● **Dataset entries**
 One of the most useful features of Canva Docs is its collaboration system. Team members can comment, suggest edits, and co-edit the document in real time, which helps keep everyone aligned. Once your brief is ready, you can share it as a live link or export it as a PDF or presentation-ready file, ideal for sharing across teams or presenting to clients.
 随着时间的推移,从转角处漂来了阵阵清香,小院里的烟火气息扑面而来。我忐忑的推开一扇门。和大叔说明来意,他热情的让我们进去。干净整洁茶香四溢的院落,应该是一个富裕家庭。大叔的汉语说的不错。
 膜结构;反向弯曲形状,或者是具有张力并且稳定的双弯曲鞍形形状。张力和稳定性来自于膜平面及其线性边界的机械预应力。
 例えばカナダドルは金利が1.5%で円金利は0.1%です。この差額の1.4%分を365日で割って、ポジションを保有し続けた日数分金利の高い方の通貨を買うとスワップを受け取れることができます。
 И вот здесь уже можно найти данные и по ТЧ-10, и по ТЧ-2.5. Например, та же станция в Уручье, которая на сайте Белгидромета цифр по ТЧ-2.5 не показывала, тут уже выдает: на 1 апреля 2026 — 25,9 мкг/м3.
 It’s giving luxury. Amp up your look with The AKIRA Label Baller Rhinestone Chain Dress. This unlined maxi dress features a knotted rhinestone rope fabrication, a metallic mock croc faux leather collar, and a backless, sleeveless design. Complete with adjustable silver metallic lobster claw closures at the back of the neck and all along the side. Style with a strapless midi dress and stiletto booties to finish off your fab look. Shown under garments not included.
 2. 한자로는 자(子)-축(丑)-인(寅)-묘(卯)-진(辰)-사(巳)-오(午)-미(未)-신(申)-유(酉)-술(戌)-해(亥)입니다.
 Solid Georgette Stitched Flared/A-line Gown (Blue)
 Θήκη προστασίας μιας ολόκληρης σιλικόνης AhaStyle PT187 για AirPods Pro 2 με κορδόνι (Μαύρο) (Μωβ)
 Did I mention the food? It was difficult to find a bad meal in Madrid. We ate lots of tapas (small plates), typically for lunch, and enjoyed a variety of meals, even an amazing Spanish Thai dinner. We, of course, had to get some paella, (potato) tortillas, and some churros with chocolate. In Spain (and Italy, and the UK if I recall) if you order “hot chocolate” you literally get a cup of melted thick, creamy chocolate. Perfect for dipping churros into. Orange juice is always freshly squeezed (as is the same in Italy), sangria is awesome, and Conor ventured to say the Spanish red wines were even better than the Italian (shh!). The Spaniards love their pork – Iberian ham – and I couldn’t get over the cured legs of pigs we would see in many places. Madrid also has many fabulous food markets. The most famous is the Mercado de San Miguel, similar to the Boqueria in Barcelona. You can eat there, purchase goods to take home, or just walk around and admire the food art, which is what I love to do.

● **Requirement**
Your job is to copy out every line from the records above that has the word "most".

● **Solution to the problem**
 One of the most useful features of Canva Docs is its collaboration system. Team members can comment, suggest edits, and co-edit the document in real time, which helps keep everyone aligned. Once your brief is ready, you can share it as a live link or export it as a PDF or presentation-ready file, ideal for sharing across teams or presenting to clients.
 Did I mention the food? It was difficult to find a bad meal in Madrid. We ate lots of tapas (small plates), typically for lunch, and enjoyed a variety of meals, even an amazing Spanish Thai dinner. We, of course, had to get some paella, (potato) tortillas, and some churros with chocolate. In Spain (and Italy, and the UK if I recall) if you order “hot chocolate” you literally get a cup of melted thick, creamy chocolate. Perfect for dipping churros into. Orange juice is always freshly squeezed (as is the same in Italy), sangria is awesome, and Conor ventured to say the Spanish red wines were even better than the Italian (shh!). The Spaniards love their pork – Iberian ham – and I couldn’t get over the cured legs of pigs we would see in many places. Madrid also has many fabulous food markets. The most famous is the Mercado de San Miguel, similar to the Boqueria in Barcelona. You can eat there, purchase goods to take home, or just walk around and admire the food art, which is what I love to do.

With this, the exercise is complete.